Entries taken from a collection:
========

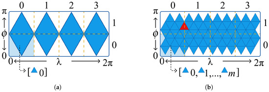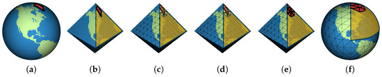 We use a geometric approach of a piecewise gnomonic projection. Projection and inverse projection are defined between the base polyhedron’s planar triangles and the spherical triangle counterpart. Projection from the spherical triangle to the planar face is determined by constructing a ray emanating from the point on the spherical domain towards the origin. This ray is intersected with the polyhedral face using the well-known ray–plane intersection. Let be the normal to the polyhedral face. Let be a point on the face, for example, one of the vertices of the polyhedral face. Let be the point we wish to project, which is assumed to be a unit vector. The projected point is found by scaling by which is calculated as follows: [53]. Inverse projection is a direct inversion of this scaling. For a unit sphere, this is equivalent to normalizing the point (), which is a highly efficient operation.
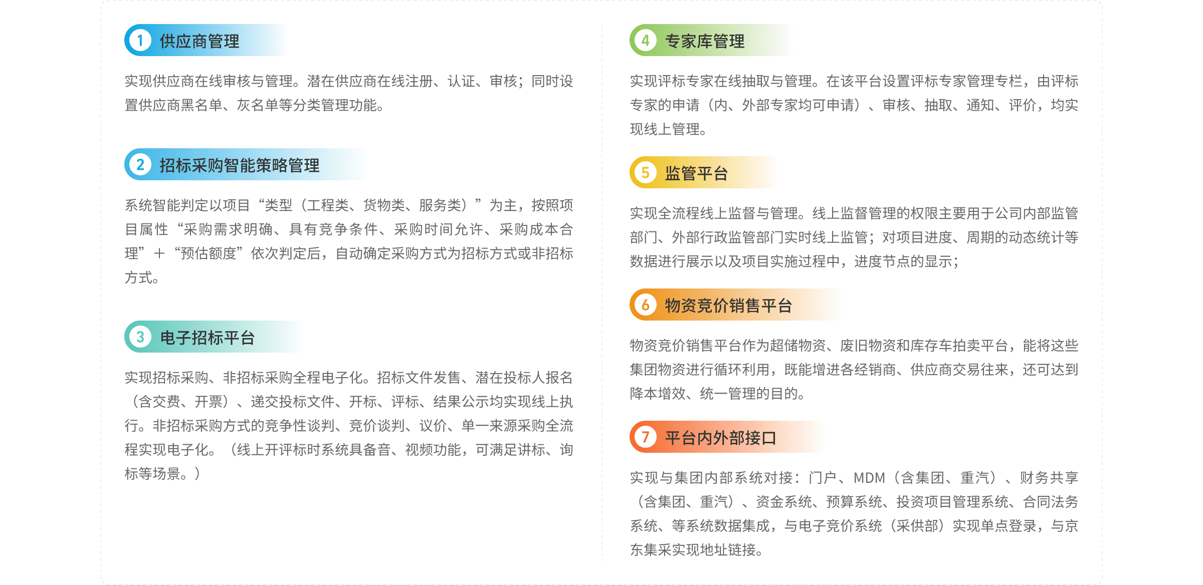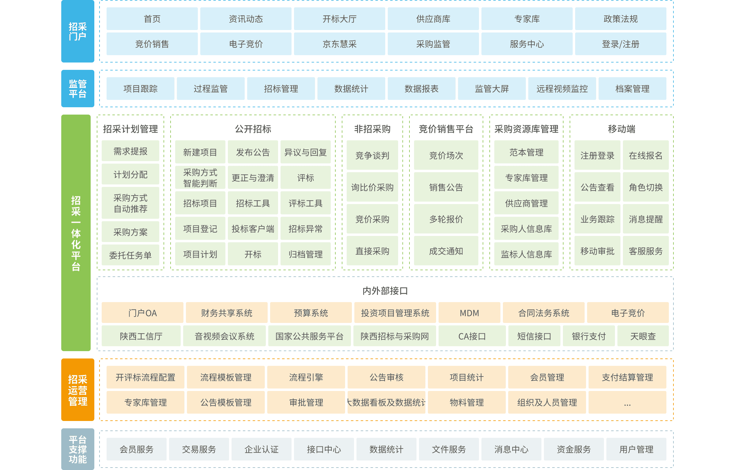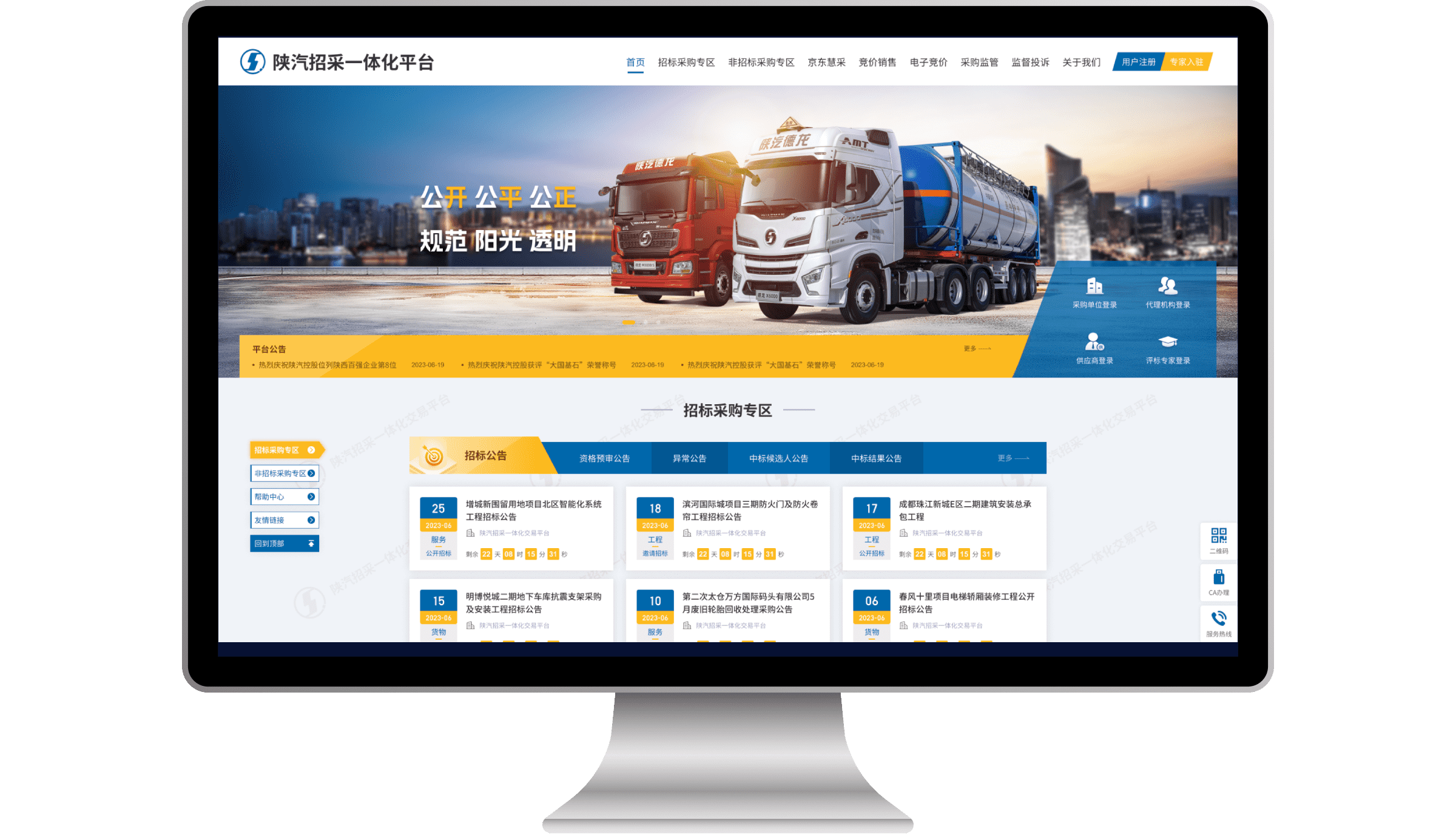 陜汽構建統(tǒng)一的電子招投標平臺,實現非招標采購與招標采購的一體化管理,從而對集團及各子公司的招標采購業(yè)務形成高效有力的管控。平臺致力于打造具備智能招標人案制定、全流程電子招投標、非標業(yè)務管理、招標監(jiān)管、專家?guī)旃芾?、供應商庫管理、競價銷售等功能的全過程信息化管理體系,以此顯著提高招標采購業(yè)務的內部協(xié)同效率,助力管理水平實現質的提升。同時,平臺與陜汽現有的信息化平臺深度對接,實現數據互通與業(yè)務協(xié)同,涵蓋財務共享系統(tǒng)、門戶系統(tǒng)、預算系統(tǒng)、主數據系統(tǒng)、法務系統(tǒng)等,構建起一體化的數字化管理生態(tài)。
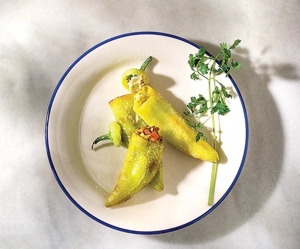 Πιπεριές κέρατο γεμιστές με φρέσκια ντομάτα και καπνιστό τυρί
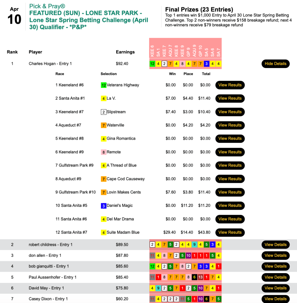 The 13-1 victor came in the final contest race, the 7th at Santa Anita, and it rewarded Hogan (4 wins, 2 places) with a $1,000 entry into the April 30 Lone Star Spring Betting Challenge.
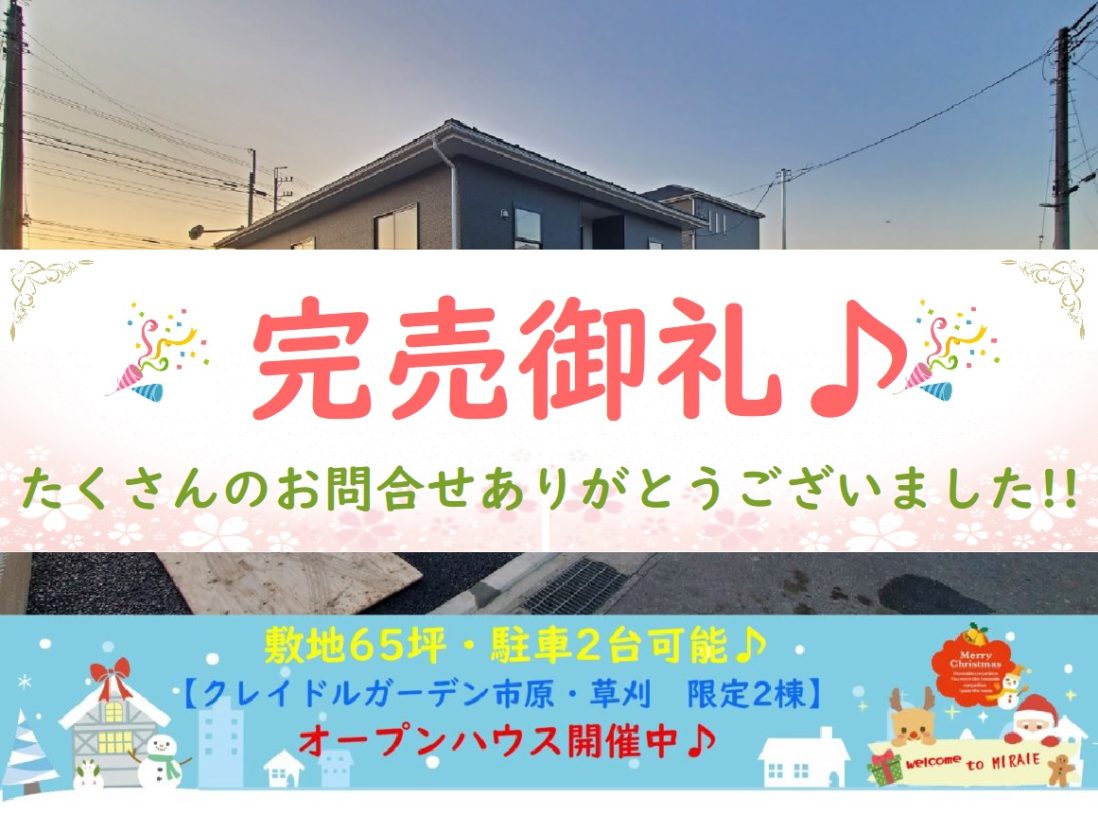 おかげ様で完売しました(*^-^*)これまでたくさんのご来場ありがとうございました(*‘∀‘)11/2付完成写真更新♪最終1棟!!【新築価格2,180万円税込】敷地65坪!駐車2台可能!ちはら台駅・コンビニ・ユニモ徒歩圏…更新日 2020.12.24新築戸建オープンハウス

========

# TASK GOAL
From the first line to the last, reproduce the records above exactly and skip the pictures.

# SOLVED PROBLEM
 We use a geometric approach of a piecewise gnomonic projection. Projection and inverse projection are defined between the base polyhedron’s planar triangles and the spherical triangle counterpart. Projection from the spherical triangle to the planar face is determined by constructing a ray emanating from the point on the spherical domain towards the origin. This ray is intersected with the polyhedral face using the well-known ray–plane intersection. Let be the normal to the polyhedral face. Let be a point on the face, for example, one of the vertices of the polyhedral face. Let be the point we wish to project, which is assumed to be a unit vector. The projected point is found by scaling by which is calculated as follows: [53]. Inverse projection is a direct inversion of this scaling. For a unit sphere, this is equivalent to normalizing the point (), which is a highly efficient operation.
 陜汽構建統(tǒng)一的電子招投標平臺,實現非招標采購與招標采購的一體化管理,從而對集團及各子公司的招標采購業(yè)務形成高效有力的管控。平臺致力于打造具備智能招標人案制定、全流程電子招投標、非標業(yè)務管理、招標監(jiān)管、專家?guī)旃芾?、供應商庫管理、競價銷售等功能的全過程信息化管理體系,以此顯著提高招標采購業(yè)務的內部協(xié)同效率,助力管理水平實現質的提升。同時,平臺與陜汽現有的信息化平臺深度對接,實現數據互通與業(yè)務協(xié)同,涵蓋財務共享系統(tǒng)、門戶系統(tǒng)、預算系統(tǒng)、主數據系統(tǒng)、法務系統(tǒng)等,構建起一體化的數字化管理生態(tài)。
 Πιπεριές κέρατο γεμιστές με φρέσκια ντομάτα και καπνιστό τυρί
 The 13-1 victor came in the final contest race, the 7th at Santa Anita, and it rewarded Hogan (4 wins, 2 places) with a $1,000 entry into the April 30 Lone Star Spring Betting Challenge.
 おかげ様で完売しました(*^-^*)これまでたくさんのご来場ありがとうございました(*‘∀‘)11/2付完成写真更新♪最終1棟!!【新築価格2,180万円税込】敷地65坪!駐車2台可能!ちはら台駅・コンビニ・ユニモ徒歩圏…更新日 2020.12.24新築戸建オープンハウス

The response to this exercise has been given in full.